The insertion of the dSpacer at central position (AQ3), instead, hinders the complete quadruplex association, as demonstrated by the 1D spectrum of the sample, acquired at 25°C after several weeks of annealing at 5°C, as the other quadruplexes. Indeed, this spectrum shows mainly 12 signals in the range between 7.0 and 8.5 p.p.m., and only primarily four imino peaks in the region 10.8–11.8 p.p.m. Raising the temperature to 80°C, the lowest six signals gradually increased in intensity, whereas the other six, along with the four imino peaks, progressively disappeared (data not shown). Thus, at 80°C only six signals were present in the aromatic region of the 1D spectrum, while no imino peak was present. This datum clearly shows that, in this condition, AQ3 is completely unstructured, while at 25°C the quadruplex structure is in equilibrium with its single strand.
The behaviour of AQ4 appears relatively more complicated since its 1D spectrum shows an exceeding number of signals, probably due to the presence of several quadruplex species in solution that has made difficult the complete assignment of the main one.
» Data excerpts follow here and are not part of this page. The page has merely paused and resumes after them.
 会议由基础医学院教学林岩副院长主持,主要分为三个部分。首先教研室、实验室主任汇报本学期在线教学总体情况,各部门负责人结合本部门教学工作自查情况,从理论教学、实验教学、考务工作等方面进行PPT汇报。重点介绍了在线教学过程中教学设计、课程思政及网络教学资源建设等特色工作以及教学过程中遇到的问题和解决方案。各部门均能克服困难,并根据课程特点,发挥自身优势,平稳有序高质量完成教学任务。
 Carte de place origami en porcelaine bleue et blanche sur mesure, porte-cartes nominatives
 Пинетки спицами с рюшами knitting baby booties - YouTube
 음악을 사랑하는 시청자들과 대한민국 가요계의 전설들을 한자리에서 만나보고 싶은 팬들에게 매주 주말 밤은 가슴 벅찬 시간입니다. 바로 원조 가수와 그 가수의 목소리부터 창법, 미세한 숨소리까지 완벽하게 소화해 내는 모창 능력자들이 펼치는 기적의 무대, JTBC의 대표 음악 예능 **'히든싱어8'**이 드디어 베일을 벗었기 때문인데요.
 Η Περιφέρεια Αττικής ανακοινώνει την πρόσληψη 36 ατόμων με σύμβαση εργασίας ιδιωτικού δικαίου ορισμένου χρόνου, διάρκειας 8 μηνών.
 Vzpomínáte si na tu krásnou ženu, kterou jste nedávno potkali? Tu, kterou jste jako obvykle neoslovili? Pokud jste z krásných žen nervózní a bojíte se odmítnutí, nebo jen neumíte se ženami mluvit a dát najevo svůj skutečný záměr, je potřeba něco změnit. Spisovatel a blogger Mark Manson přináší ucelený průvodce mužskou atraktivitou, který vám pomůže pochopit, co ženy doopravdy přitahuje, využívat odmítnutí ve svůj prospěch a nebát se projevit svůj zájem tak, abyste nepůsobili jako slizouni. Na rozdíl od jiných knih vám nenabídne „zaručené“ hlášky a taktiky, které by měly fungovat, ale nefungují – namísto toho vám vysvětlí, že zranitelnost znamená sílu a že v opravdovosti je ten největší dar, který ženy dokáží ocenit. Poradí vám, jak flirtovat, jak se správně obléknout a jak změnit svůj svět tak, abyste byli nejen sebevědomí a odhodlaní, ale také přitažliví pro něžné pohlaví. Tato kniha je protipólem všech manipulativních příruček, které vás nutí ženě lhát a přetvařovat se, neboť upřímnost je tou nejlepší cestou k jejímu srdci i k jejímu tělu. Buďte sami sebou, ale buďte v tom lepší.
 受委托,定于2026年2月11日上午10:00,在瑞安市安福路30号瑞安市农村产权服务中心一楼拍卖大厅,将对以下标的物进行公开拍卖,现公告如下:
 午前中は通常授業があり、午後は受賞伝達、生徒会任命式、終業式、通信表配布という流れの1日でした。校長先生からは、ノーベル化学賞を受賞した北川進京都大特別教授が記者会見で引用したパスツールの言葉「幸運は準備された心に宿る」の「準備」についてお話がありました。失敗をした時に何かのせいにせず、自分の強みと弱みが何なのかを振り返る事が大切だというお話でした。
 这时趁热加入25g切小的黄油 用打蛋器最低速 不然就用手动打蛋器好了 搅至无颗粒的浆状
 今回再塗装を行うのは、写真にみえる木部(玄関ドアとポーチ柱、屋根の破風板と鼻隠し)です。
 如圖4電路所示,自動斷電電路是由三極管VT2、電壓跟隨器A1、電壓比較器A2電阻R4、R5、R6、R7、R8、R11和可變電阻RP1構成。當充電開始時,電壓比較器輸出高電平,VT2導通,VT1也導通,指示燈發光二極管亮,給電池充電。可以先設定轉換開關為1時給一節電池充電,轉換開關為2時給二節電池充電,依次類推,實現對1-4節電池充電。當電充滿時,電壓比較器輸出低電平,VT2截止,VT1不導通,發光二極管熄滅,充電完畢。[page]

However, in spite of the structural heterogeneity observed, the NOESY spectrum showed rather dispersed cross-peaks that allowed us to assign most of the non-exchangeable protons following the standard procedures (Supplementary Tables), although signals become more weak and less defined for the G-tetrads in proximity of the dSpacer step.
As regards AQ5, its 1D proton spectrum shows that it forms a major quadruplex structure, whose signals are affected by severe line broadening and partial overlapping if compared with the other complexes. This datum suggests that the complex is characterized by a conformational flexibility that becomes more significant for the portions of the molecule close to the dSpacer unit.
Gel electrophoresis
In order to estimate the molecularity of the complexes, we performed a PAGE of all samples compared with the quadruplex [d(TGGGGT)]4 (Supplementary Figure S1). The migration of all non-denaturated samples of the dS-ODNs appears undoubtedly slower than those of the corresponding single strands, clearly showing the presence of multimolecular complexes. Furthermore, their electrophoretic motilities are quite comparable to that of [d(TGGGGT)]4 suggesting the formation of complexes with the same molecularity. More importantly, for all samples, no structures larger than quadruplexes could be detected.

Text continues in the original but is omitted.